Once we have the weights, the estimated effect in each post-treatment quarter $t$ is simply actual minus synthetic:
$$\hat{\tau}_t = Y_{1t} - \sum_{i} \hat{\gamma}_i^{scm}\, Y_{it}, \quad t > T_0$$
In words, the per-quarter ATT is Kansas’s realized outcome $Y_{1t}$ minus the weighted sum of donor outcomes (the synthetic). Here $T_0$ is the last pre-treatment period; in code $Y_{1t}$ is Kansas’s lngdpcapita and the weighted sum is predict(syn, att = FALSE).
6.2 Fitting it
syn <- augsynth(lngdpcapita ~ treated, fips, year_qtr, kansas,
progfunc = "None", scm = TRUE)
summary(syn)
Fit to 50 units and 89+16 = 105 time points; 1 treated at year_qtr 2012.25.
7 donor units used with weights of 0.053 to 0.301
Average ATT Estimate (p Value for Joint Null): -0.0294 ( 0.311 )
L2 Imbalance: 0.083
Percent improvement from uniform weights: 79.5%
Inference type: Conformal inference
Interpretation. Classic SCM builds synthetic Kansas from 7 donor states and estimates an average post-2012 ATT of −0.0294 log points. Because effects in logs are approximately percentages, that is a shortfall of about 2.9% in GDP per capita relative to the counterfactual. The pre-treatment L2 imbalance is 0.083, which augsynth tells us is 79.5% better than the naive alternative of weighting all 49 donors equally. The joint-null p-value of 0.311 is our first significance signal — and not a strong one — but hold that thought until the inference section.

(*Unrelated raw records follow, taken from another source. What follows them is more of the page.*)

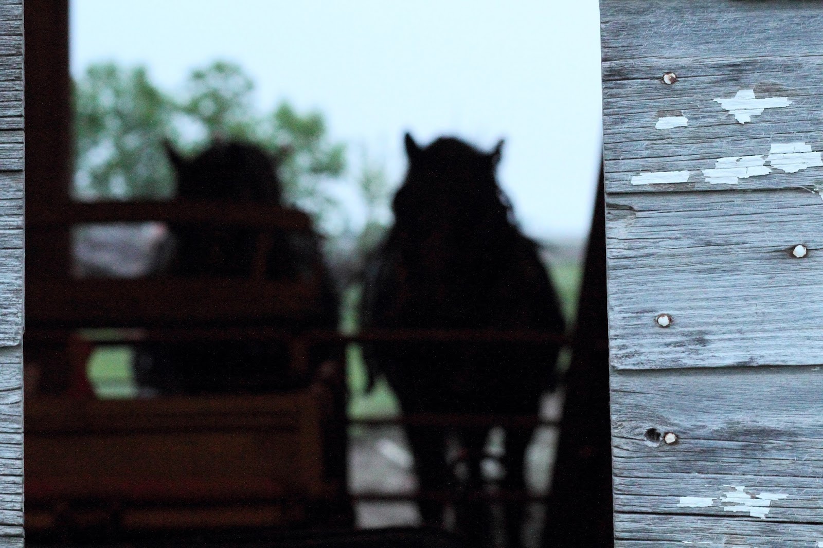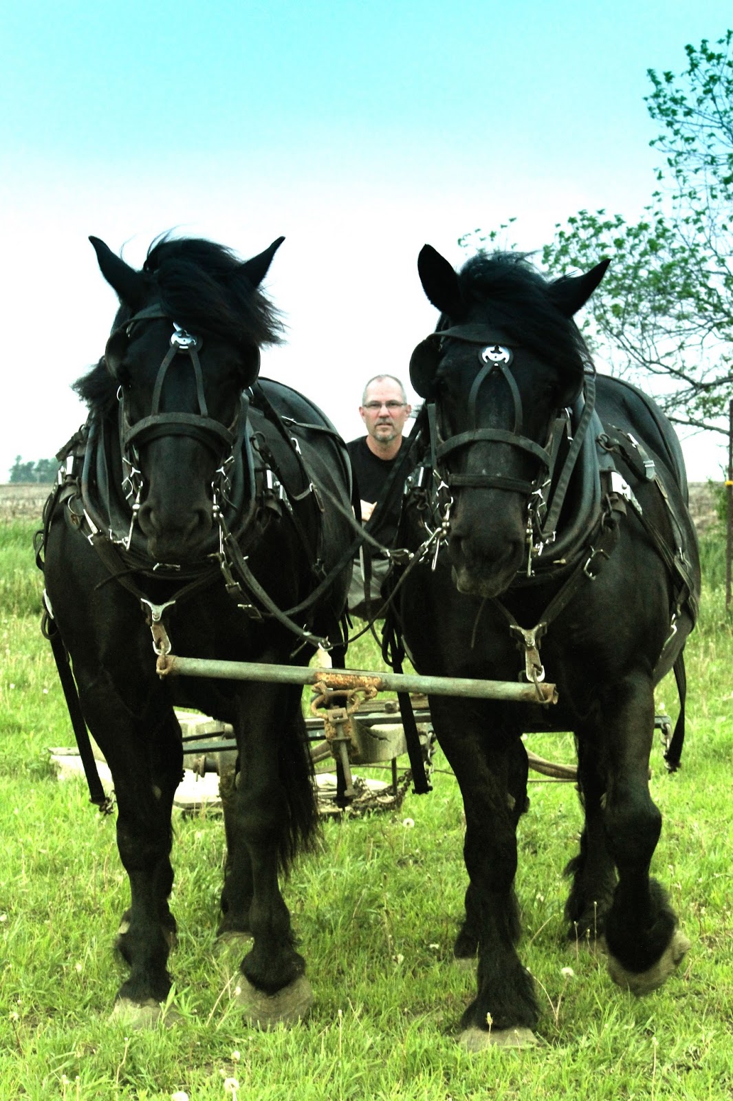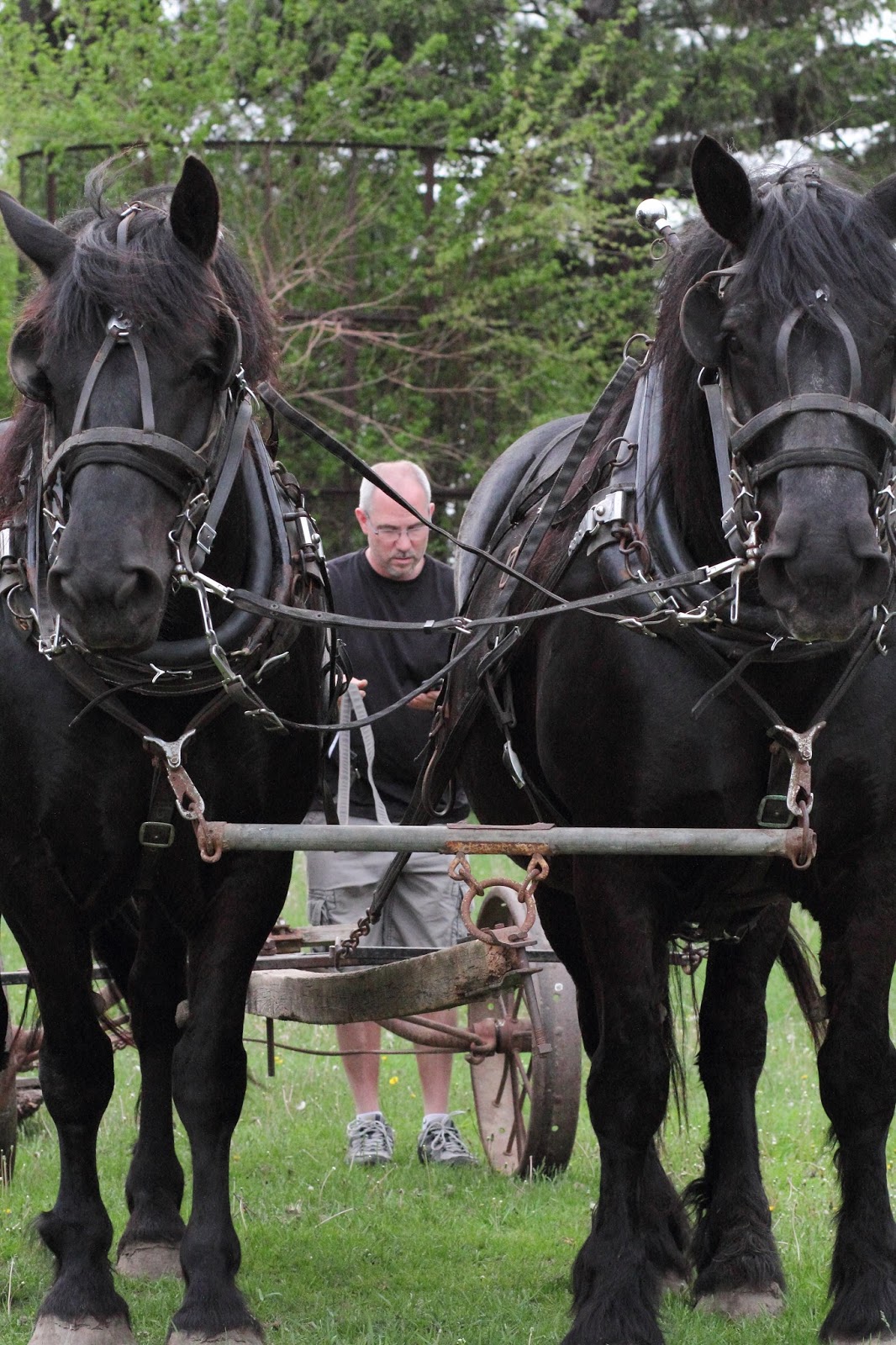Only too happy to show me the horses again, Virgil slid open a large door and the line of big black horses clomped into their stalls and calmly let the young man put on their halters and tie them. I asked if we could take the two mares I was thinking about buying, outside, so I could see them in full daylight...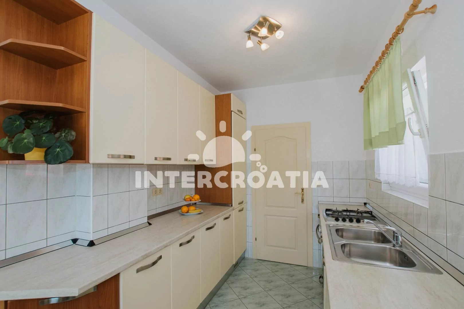 Komfortně zařízený apartmán v prvním patře domu je vhodný pro 2 až 4 osoby, disponuje balkonem s posezením a výhledem na moře. Obývací pokoj je spojený s kuchyní. Kuchyňská linka se sporákem, troubou…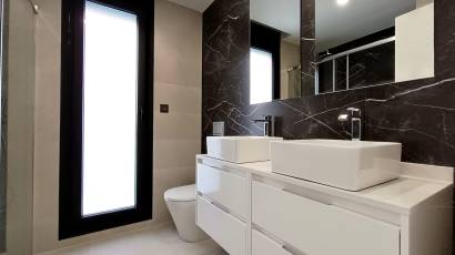 Im Inneren sind die Häuser mit Feinsteinzeugböden ausgestattet, die Langlebigkeit und Stil vereinen. Die Aufteilung umfasst 3 Schlafzimmer und 3 Badezimmer und bietet ausreichend Platz für die ganze Familie. Einbauschränke optimieren den Stauraum, während die Klimaanlage das ganze Jahr über für ein angenehmes Raumklima sorgt. Moderne Haushaltsgeräte erleichtern den Alltag und machen diese Häuser bezugsfertig.

We can see the synthetic control as a transparent recipe — the weights live in syn$weights, named by state FIPS code:
w <- syn$weights[, 1]
round(sort(w[w > 0.001], decreasing = TRUE), 3) # the donors that actually matter

Interpretation. This is SCM’s signature virtue: 42 of the 49 donors get exactly zero weight, and the seven that remain form a recipe you can name and defend. South Carolina carries 30% of synthetic Kansas, Washington 22%, Texas 15%. The sparsity is not an accident — the simplex constraint pushes most weights to exactly zero. The cost of that interpretability is rigidity: if no convex recipe matches Kansas perfectly, SCM cannot do better, and the leftover mismatch becomes bias.
6.3 Seeing the counterfactual and the gap
plot(syn, plot_type = "outcomes") # actual Kansas vs its synthetic control

Interpretation. Before the dashed line the two series are nearly on top of each other — synthetic Kansas is a believable double. After 2012, the orange (actual) line slips below the blue (synthetic): Kansas grew more slowly than its counterfactual. That visible wedge is the treatment effect.

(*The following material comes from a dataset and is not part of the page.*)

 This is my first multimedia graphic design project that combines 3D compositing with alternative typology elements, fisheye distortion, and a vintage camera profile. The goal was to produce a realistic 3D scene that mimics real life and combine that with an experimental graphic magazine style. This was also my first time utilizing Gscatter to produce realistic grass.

plot(syn) # the gap (actual - synthetic) with a pointwise conformal band

Interpretation. The gap plot isolates the effect on a single axis. Pre-2012 it oscillates around zero — but look at the dip near 2005–2006, which reaches −0.043 in one quarter. That is a pre-treatment gap, where the true effect is zero by definition, so it is pure imbalance: SCM simply could not match Kansas there. Post-2012 the gap turns reliably negative, deepest at 2013 Q3 (−0.046) and 2014 Q1 (−0.045). The shaded conformal band is wide, foreshadowing that significance will be a close call.

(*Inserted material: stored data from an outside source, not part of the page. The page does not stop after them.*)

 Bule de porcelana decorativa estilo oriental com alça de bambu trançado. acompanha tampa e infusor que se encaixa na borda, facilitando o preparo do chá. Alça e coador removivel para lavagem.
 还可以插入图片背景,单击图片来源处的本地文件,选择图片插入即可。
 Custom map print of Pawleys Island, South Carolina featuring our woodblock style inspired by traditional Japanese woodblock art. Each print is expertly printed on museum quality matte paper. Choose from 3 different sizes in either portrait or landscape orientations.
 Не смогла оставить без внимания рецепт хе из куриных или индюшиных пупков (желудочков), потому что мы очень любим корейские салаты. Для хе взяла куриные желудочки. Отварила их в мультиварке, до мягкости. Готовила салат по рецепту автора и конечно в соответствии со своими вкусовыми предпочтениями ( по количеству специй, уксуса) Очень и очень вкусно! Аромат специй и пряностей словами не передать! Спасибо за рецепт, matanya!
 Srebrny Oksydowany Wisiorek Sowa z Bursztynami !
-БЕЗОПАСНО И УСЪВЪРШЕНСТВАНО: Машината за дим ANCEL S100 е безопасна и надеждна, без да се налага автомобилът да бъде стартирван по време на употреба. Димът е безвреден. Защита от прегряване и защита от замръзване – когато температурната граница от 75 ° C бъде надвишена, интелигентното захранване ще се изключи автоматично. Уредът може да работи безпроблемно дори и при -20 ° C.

That stubborn mid-2000s imbalance is the motivation for everything that follows. It is exactly the situation Abadie and co-authors warn about — and exactly what ASCM was built to fix.
7. The augmentation: Ridge ASCM
7.1 The idea: estimate the bias, then subtract it
Here is the key insight. When the synthetic does not perfectly match Kansas before treatment, the post-treatment gap mixes two things: the real effect and the bias from that imperfect match. If we could estimate the bias, we could subtract it off. ASCM does exactly this by fitting an outcome model — a regression that predicts a unit’s outcome from its pre-treatment history — and using it to forecast how much the residual imbalance distorts the estimate.
The augmented counterfactual for the post-period can be written two equivalent ways. First, as “SCM plus a bias correction”:
$$\hat{Y}_{1T}^{aug}(0) = \sum_{i} \hat{\gamma}_i^{scm} Y_{iT} + \left( \hat{m}_{1T} - \sum_{i} \hat{\gamma}_i^{scm} \hat{m}_{iT} \right)$$
In words: start from the plain SCM counterfactual (the first term), then add a correction equal to the imbalance the outcome model $\hat{m}$ predicts (the parenthesis). If the model thinks Kansas’s history is systematically a little above what its donors’ weights reproduce, that term nudges the counterfactual accordingly. In augsynth this correction is reported as the “Avg Estimated Bias.”
The same estimator can be rearranged into a “model plus reweighted residuals” form, which is why ASCM is often described as doubly robust:
$$\hat{Y}_{1T}^{aug}(0) = \hat{m}_{1T} + \sum_{i} \hat{\gamma}_i^{scm} \left( Y_{iT} - \hat{m}_{iT} \right)$$
In words: predict Kansas directly from the outcome model ($\hat{m}_{1T}$), then correct it using the SCM-weighted residuals of the donors. If the SCM fit were already perfect, the residual term would balance out and ASCM would equal SCM — augmentation only does something when there is imbalance to fix.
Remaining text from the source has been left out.